The range of possible outcomes at the low end of the spectrum includes deferred dispositions and fine-only convictions, the former of which may qualify for expunction. Higher level misdemeanors that result in convictions may involve probation or even time in the county jail. Depending on the defendant’s criminal history and the severity of the allegations, deferred prosecution is also a possibility and is a very desirable outcome in many cases because it results in a dismissal that is usually eligible for expunction.
Felony cases that result in a conviction may involve probation or time in the penitentiary and the most severe felony cases carry a maximum punishment range of life in prison.
How can I determine if the charge is regular assault or family violence?
Find your case on the docket and look on the last column on the right. Some of the most common family violence charges are:
- ASSAULT CAUSES BODILY INJURY FAMILY VIOLENCE
- ASSAULT CAUSES BODILY INJ DATE/FAMILY/HOUSE
- ASSAULT CAUSES BODILY INJ FAMILY VIOLENCE ENH
- ASSAULT FAMILY/HOUSEHOLD MEMBER
- ASSAULT FAMILY/HOUSEHOLD MEMBER W/PREV CONV
- AGG ASSUALT DATE/FAMILY/HOUSE W/WEAPON
- ASSAULT BI FAM/HOUSE MEM 2+ W/IN 12 MONTHS
- ASSAULT FAM/HOUSE MEM IMPEDE BREATH/CIRCULAT
What is wrong with Deferred Adjudication for family violence cases?

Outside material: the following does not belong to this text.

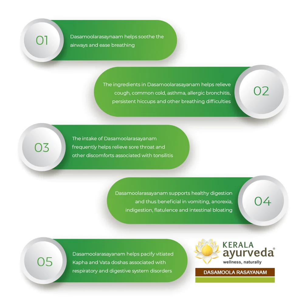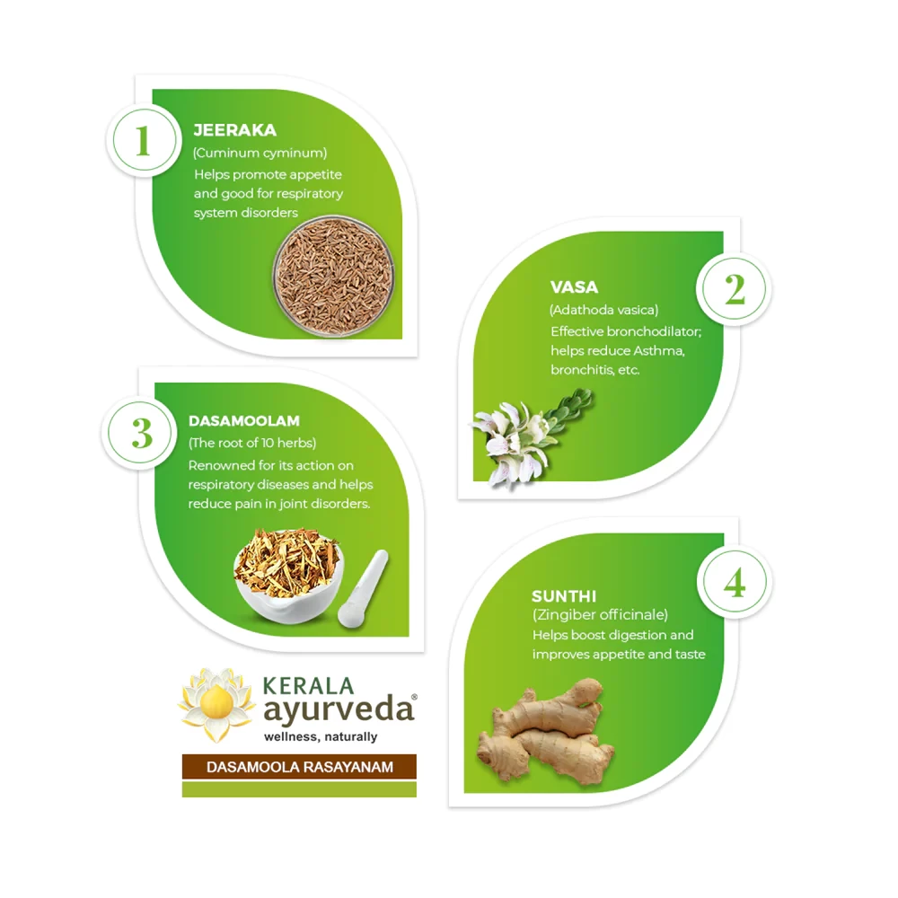 Dasamoola Rasayanam is a powerful Ayurvedic medicine used to treat bronchitis Kerala Ayurvedas bronchitis medicine makes use of a mixture of the Dasamoola or ten roots from some of the most effective ayurvedic herbs plants. This ayurvedic medicine c ...Show more

Deferred Adjudication is better than straight probation in most criminal cases because it is not a conviction and your criminal history can be partially sealed if an order of non-disclosure is granted after you successfully complete the probationary period. Non-disclosure also allows you to legally deny an arrest on employment applications.
Unfortunately, the non-disclosure law specifically excludes anyone ever convicted of or placed on deferred adjudication probation for a case involving family violence. In other words, entering into a plea bargain agreement for deferred adjudication will make you permanently ineligible for non-disclosure in the future, even for unrelated charges.
In addition, deferred adjudication is treated like a conviction for some purposes, such as federal immigration issues, concealed handgun licenses, and enhancement of future family violence charges. Thus, for family violence cases, deferred adjudication probation has many of the same consequences as straight probation.
That said, you should not automatically reject a plea bargain offer just because it includes the word “deferred.” There are pretrial diversion programs that are sometimes offered in certain Austin courts that are called Deferred Prosecution and Deferred Disposition. Successful completion of pretrial diversion usually results in a complete dismissal and makes it possible to obtain an Expunction. Expunction is even better than non-disclosure because it completely removes a case from your criminal history and causes all records of the arrest and prosecution to be deleted and destroyed.
What if the affirmative finding of family violence is waived?
A prosecutor may offer to waive the family violence finding in hopes of making a plea bargain offer seem like a better deal. Don’t fall for it.
Unlike a deadly weapon finding, almost all of the negative family violence consequences apply without regard to an affirmative finding. This is because most of the enhanced consequences are based on the actual relationship between the defendant and the alleged victim, not on the existence of any judicial finding.